In the particular case of the SGC, the ROM is initially (after reset) mapped to (if memory serves me right) address F00000h to F0BFFFh, i.e. the forst 48k of the 16th megabyte. Now, the usual address is 000000h to 00BFFFh, the first 48k of the address space. The CPU requires that the first long words in the address maps (address 0 and 4) contain the address the stack pointer will be initially loaded with, and the address at which code execution is to start, so one would normally expect real data there at reset, and this is usually done by there being some sort of non-volatile storage mapped to these addresses, in the case of the standard QL, this is the system ROM.
However, on the SGC, this area initially maps to the SGC ROM, so instead of the system ROM, it's the one on the SGC that provides the initial stack pointer and address to start code execution from. And, this is done to create a copy of the system ROM in the SGC's RAM. The SGC ROM also maps to F10000h to F1FFFFh, and (if I remember correctly) part of it (to 32k) appear in 018000h to 01FFFFh, the 32k just below the RAM addresses.
The actual SGC RAM (8M) maps to the first 8M of the CPU memory area, except for the parts mentioned above.
Now, this looks like a whole jumble of addresses, but here is how this works:

Initially, i.e. after reset, every byte of the SCG ROM appears at two addresses, 15 Megs apart - i.e. the first byte of the ROm appears at address 000000h and at address F10000h, the second at 000001h and F10001h etc. The first thing the CPU does is read addresses 000000h and 000004h and uses the data there to load the stack pointer and program counter, i.e. these addresses tell it where to put the stack and at which address to look for it's first instruction. And, in fact, the first instruction points to the very same SGC ROM, but the 'alias' at address F10000 etc. HArdware within the glue PLD detects the CPU accessing any high address and from that onwards changes the way it decoded addresses so that the SGC ROM does not appear at addresses 000000h to 00FFFFh any more, but instead now it accesses the corresponding addresses in RAM.
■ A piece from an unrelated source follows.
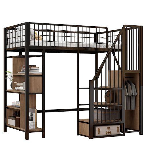 Lit avec escalier de rangement : Un escalier robuste fait également office de rangement et est idéal pour ranger chaussures, livres et autres objets essentiels.

The code that executes from the rom alias first copies the system ROM from it's re-mapped addresses at F00000 to F0BFFFh to RAM at the addresses it would appear at, in the normal QL - namely down at 000000h to 00BFFFh. Then it figures out what ROM it is and applies the necessary patches to make it run on a 68020 CPU. Next it accesses another high address (Probably in the F40000h to FBFFFFh range) which sets the glue PLD to ignore write accesses to RAM for addresses 000000h to 00BFFFh, in essence making it look like ROM, except that this copy of the actual ROM is 32-bits wide and MUCH faster (approximately by a factor of 14 or so).

So, as you can see, one trick that can be done is making the decoder behave differently based on accesses to special addresses to change it's behaviour after an address has been accessed. In this case multiple 'shadows' and aliases of the same physical memory are used, as well as temporary disabling of access or a kind of access to other kinds of memory to get a desired advantageous effect.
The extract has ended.